Oct 23 – I logged in to create an entry (a particularly insightful and entertaining entry IMO) and noticed that all past blog entries had disappeared from my Quick Blog account.  At this point, my blog was still viewable on  I phoned and was told that my blog had been removed because it had “bursted”.  I think that this means that I had used too much disk space.  Apparently they had tried to bill me automatically and were unsuccessful.  To be fair, I had received a prior notification instructing me to login to my account and renew an item in the renewal area.  I had done so but found no items requiring renewal, and had assumed that the notice had been generated in error. 

Anyway, I was told that Godaddy could not retrieve any of my data because it was a “free account”.  It pisses me off that there is a different standard of customer care for those with “free accounts”.  I paid for my domain name registration with cold hard currency, and yes, it happens to include “free” hosting.  But this was one of the reasons I picked Godaddy in the first place.  My yearly domain name renewals could potentially generate income for years to come.  In addition, there have been thousands of hits on my blog, so I’m giving Godaddy and Godaddy’s banner ads a hell of a lot of “free” exposure.  Not only that, but I have been encouraging others to start blogging using Godaddy, including my brother (  What kind of business model do they have that doesn’t factor in these intangibles?  If I ever needed hosting for a business website, I would want to feel confident that my work was secure.

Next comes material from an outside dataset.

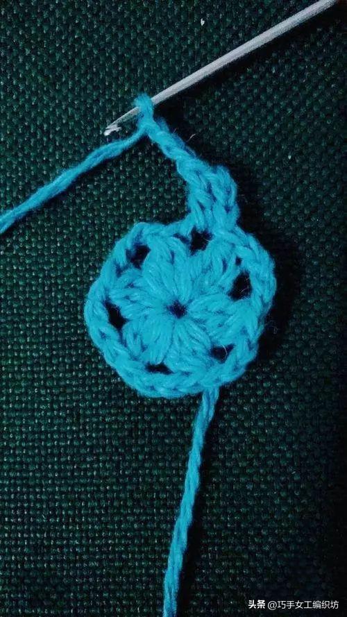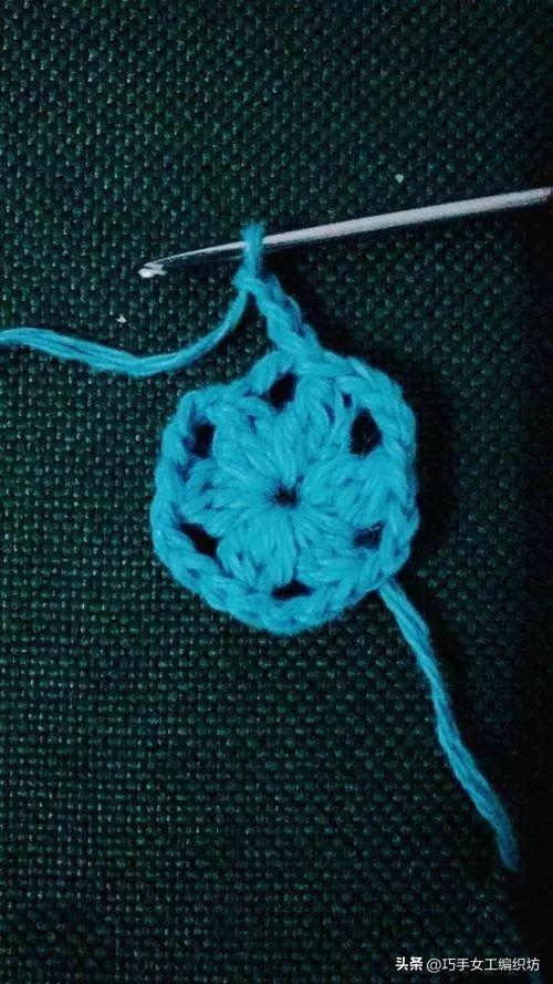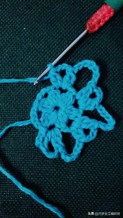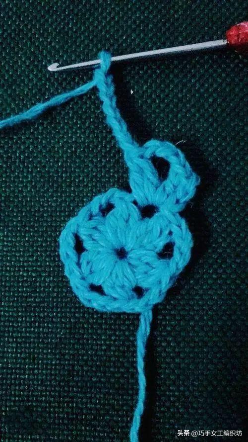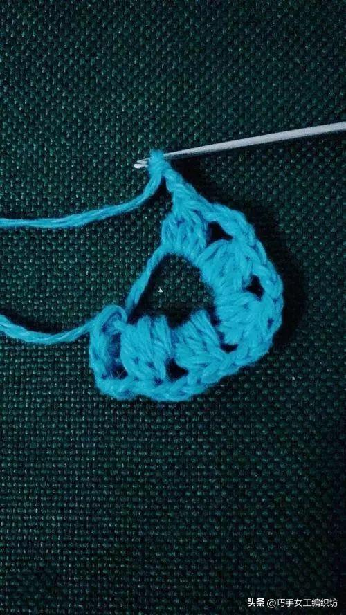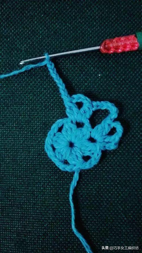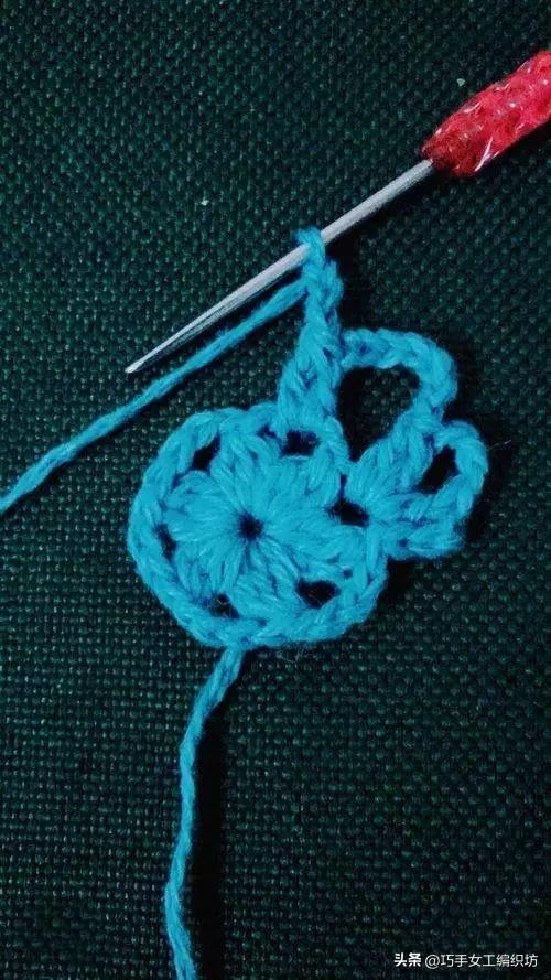 3.拉花3针,在花孔里面钩中长针1针,紧锁成1针,拉花3针,钩中长针2针,紧锁成1针,拉花7针。

I was not ready to give up on my “free” account so easily.  After all, my blog had become like a pet.  It doesn’t talk back, it is there when I need it, and I have grown attached to it despite the fact that sometimes it stinks.  So I kept pressing the customer service representative.  I argued that since I could still view my blog at, the data must still exist somewhere.  After being put on hold for about ten minutes, I was informed that if I paid for Quick Blog (US$28.50/year) they could restore my blog within 24 hours.  As a bonus, there would no longer be any banner ads.  I was fine with paying this amount.  After all the work I had cumulatively put into my blog, I might have paid more than this.  Now I understand how people spend $10,000 to get a liver transplant for their 15 year-old cats.  I’m not there yet, but I can see how it could happen.

Oct 24 – I logged in to my blog and found that nothing had changed, except now was an empty page.  All my data was gone.  This caused me some anxiety.  My pet had been gone for 24 hours, and I didn’t know if it was alive or dead.  I phoned Godaddy again and talked to another customer service representative.  This person was very helpful and tried to fix the problem while I was on the phone.  Unfortunately he soon discovered that my problem was a “tier 2” problem which required him to initiate an “escalation” so that more advanced technical support people, in a completely different location, could start working on it.  There is no way for mere mortals to talk directly with these advanced tekkies, who undoubtedly work in an underground facility somewhere in the Nevada desert that can withstand a direct nuclear attack.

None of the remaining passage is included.